Au-delà, le conflit, même provisoirement éteint par un compromis de dernière minute, laisse les deux protagonistes en piteuse position. Le gouvernement allemand sera durablement paralysé pour les mois qui viennent. Cela signifie que l'Allemagne sera dans l'impossibilité d'imprimer sa marque sur la politique de l'UE. La France pourrait-elle se substituer à elle? Les échecs que vient de subir Emmanuel Macron quant à sa politique européenne indiquent bien que non.
Une France impuissante
Or, l'Allemagne va être rapidement confrontée à une crise bancaire. La situation de la Deutsch Bank, incapable de passer les tests de robustesse de la Réserve Fédérale aux Etats-Unis, va exiger des actions importantes d'ici quelques mois, voire durant l'été. La faillite de fait de l'Union bancaire renvoie les pays de l'UE à la situation qui était la leur en 2008 et va obliger l'Allemagne à « sauver » la DB. Mais, ce faisant, elle donnera le signal pour que l'Italie procède à un sauvetage massif de ses propres banques en difficulté. Dès lors, au chacun pour soi qui prédomine sur la question des migrants, viendra s'ajouter un chacun pour soi sur la question bancaire, en attendant que ce chacun pour soi ne s'étende à la zone Euro. Sur ce point, il convient de relire le récent article de Joseph Stiglitz qui est désormais fort pessimiste quant à l'avenir de la zone Euro.
La deuxième phase de l'action du gouvernement italien
La crise de l'UE ne s'arrête pas là. Le gouvernement italien a décidé de passer à une deuxième phase de son action. Après avoir fait preuve de fermeté face aux « migrants » et à certaines ONG, il est en train de prendre des mesures favorables aux travailleurs, comme la pénalisation des CDD quand ils sont utilisés systématiquement.

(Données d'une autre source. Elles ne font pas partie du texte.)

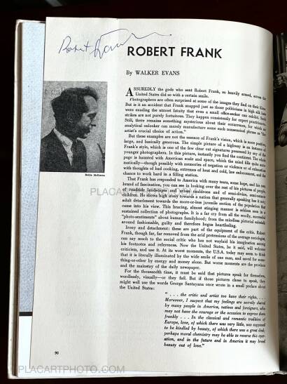 « Predating the publication of The Americans was a portfolio of Frank’s images published within the pages of the 1958 U. S. Camera Annual. With a preface by Robert Frank’s mentor and champion Walker Evans, and a statement by Frank himself, the 33 images constitute a declaration of purpose and serve as an overture to the masterwork yet to come.
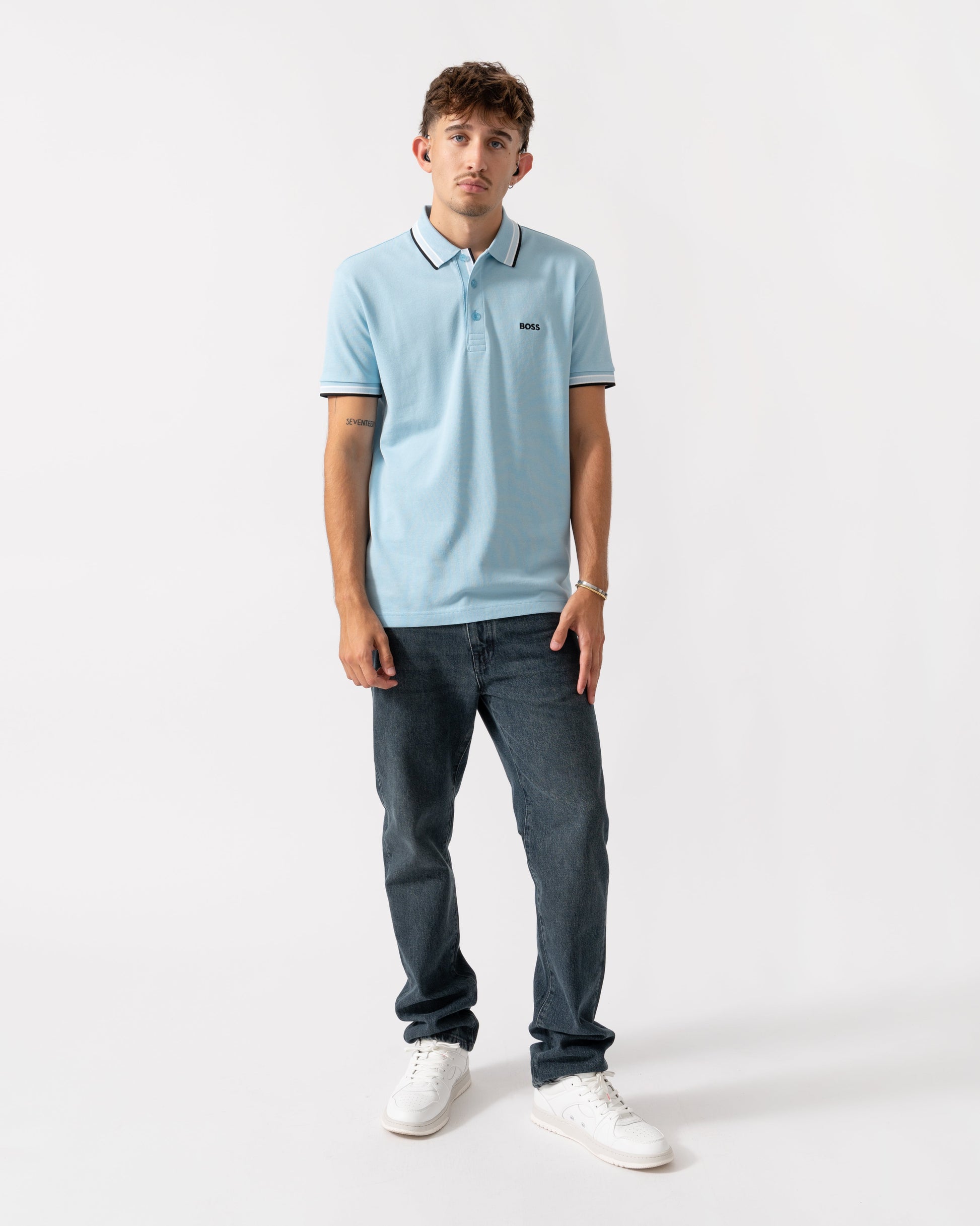 BOSS Green Paddy Mens Cotton-Piqué Polo Shirt with Contrast Logo in Light/Pastel Blue 455

Il est possible qu'il procède dans le cours de l'été à d'autres mesures, comme un relèvement général des salaires et une annulation — partielle ou totale — de la réforme des retraites mise en place par les précédents gouvernements. Cette perspective inquiète déjà la BCE, qui a adressé au gouvernement italien une mise en garde. Mais, porté par la popularité acquise par son attitude sur la question des « migrants » et renforcé par la crise que connaît l'UE mais aussi l'Allemagne, il est peu probable que le gouvernement italien soit véritablement sensible aux avertissements de la BCE.
L'UE apparaît comme durablement discréditée. Ses deux pays principaux sont aujourd'hui paralysés et les opinions dites « Eurosceptiques » progressent dans l'ensemble des pays. Giuseppe Conte a révélé une crise plus qu'il ne l'a provoquée. Mais, ce processus de révélation peut très bien avoir sa dynamique propre et entraîner un mouvement toujours plus puissant de défiance généralisée. En un sens, on peut considére que le processus de déconstruction de l'UE a commencé.